Order of flowering plants in the rosid subclade of eudicots

Geraniales is a small order of flowering plants, included within the rosid subclade of eudicots. The largest family in the order is Geraniaceae with over 800 species. In addition, the order includes the smaller Francoaceae with about 40 species. Most Geraniales are herbaceous, but there are also shrubs and small trees.

Flower morphology of the Geraniales is rather conserved. They are usually perfectly pentamerous and pentacyclic without fused organs besides the carpels of the superior gynoecium. The androecium is obdiplostemonous. Only a few genera are tetramerous (Francoa, Dimorphopetalum, Melianthus). In some genera some stamens (Pelargonium) or a complete whorl of stamens are reduced (Erodium, Melianthus). In the genera Hypseocharis and Monsonia there are 15 instead of the usual ten stamens. Most genera bear nectariferous flowers. The nectary glands are formed by the receptacle and are localised at the bases of the antesepalous stamens.

The economic importance of Geraniales is low. Some species of the genus Pelargonium (Geraniaceae) are cultivated for their aromatic oil used in the perfume industry. Some other species, also mostly within Geraniaceae, have horticultural or medicinal uses. A Paleobotanic record is missing.

==Taxonomy ==

=== Origins ===
The botanical authority for Geraniales is given to Jussieu, but since the original description did not fulfill all the rules for a valid publication and was subsequently validly published, attribution is given to both Jussieu and the subsequent publication, hence the designation Geraniales Juss. ex Bercht. & J.Presl Jussieu, who developed the concept of botanical families, described the Gerania, as a grouping of five genera, including Geranium. Although Jussieu used the term Ordo this did not correspond to current understandings of the term Order. The subsequent attribution occurred in 1820, in the Czech text O Prirozenosti Rostlin, by Friedrich von Berchtold and Jan Svatopluk Presl, hence ex Bercht. & J.Presl. However, Berchtold and Presl also only described a rad (ordo) of five genera, which they called Geraniae.

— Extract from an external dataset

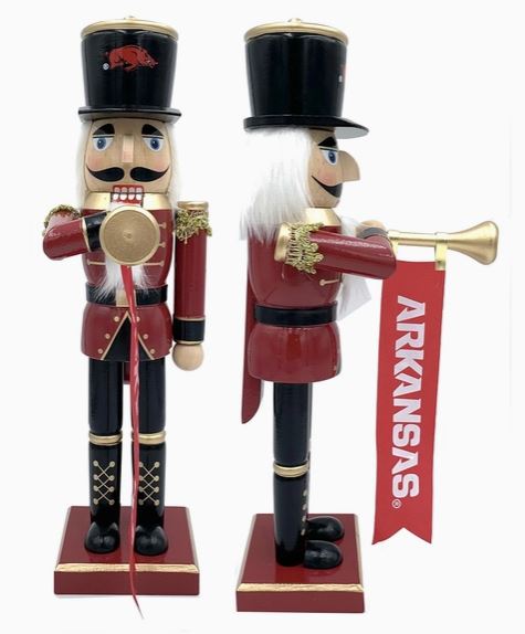 This handsome Christmas nutcracker has put on his finest uniform and eagerly waits to blow his golden horn announcing Santa’s arrival. Beautifully handcrafted from wood and hand painted, this elegant 14" Arkansas Bugler Nutcracker is sure to provide many years of pleasure.

Other authorities have given the authority to Dumortier who described the family Geraniaceae, consisting of two tribes, Pelargonieae and Geranieae, each with three genera.

===Circumscription ===
Geraniales contains two families, 11 genera and about 830 species. For a historical account of the circumscription of the order, see Price and Palmer (1993) Table 1.

Under the Cronquist system (1988), the Geraniales comprised the following five families:
- family Geraniaceae
- family Oxalidaceae
- family Limnanthaceae
- family Tropaeolaceae
- family Balsaminaceae

While the Dahlgren system (1980) was much larger in circumscription with 16 families, only two of which were in Cronquist's construction, and placed the order in the superorder Rutiflorae:
- family Zygophyllaceae
- family Nitrariaceae
- family Peganaceae
- family Balanitaceae
- family Erythroxylaceae
- family Humiriaceae
- family Linaceae
- family Ctenolophonaceae
- family Ixonanthaceae
- family Lepidobotryaceae
- family Oxalidaceae (including Averrhoaceae)
- family Geraniaceae
- family Dirachmaceae
- family Ledocarpaceae
- family Vivianiaceae
- family Biebersteiniaceae

Other modern systems include those of Takhtajan (1987) with nine families, and Thorne (1992). Thorne's system was the same as Cronquist's except that Biebersteiniaceae, Dirachmaceae, Ledocarpaceae, and Vivianiaceae were reduced to subfamilies of Geraniaceae.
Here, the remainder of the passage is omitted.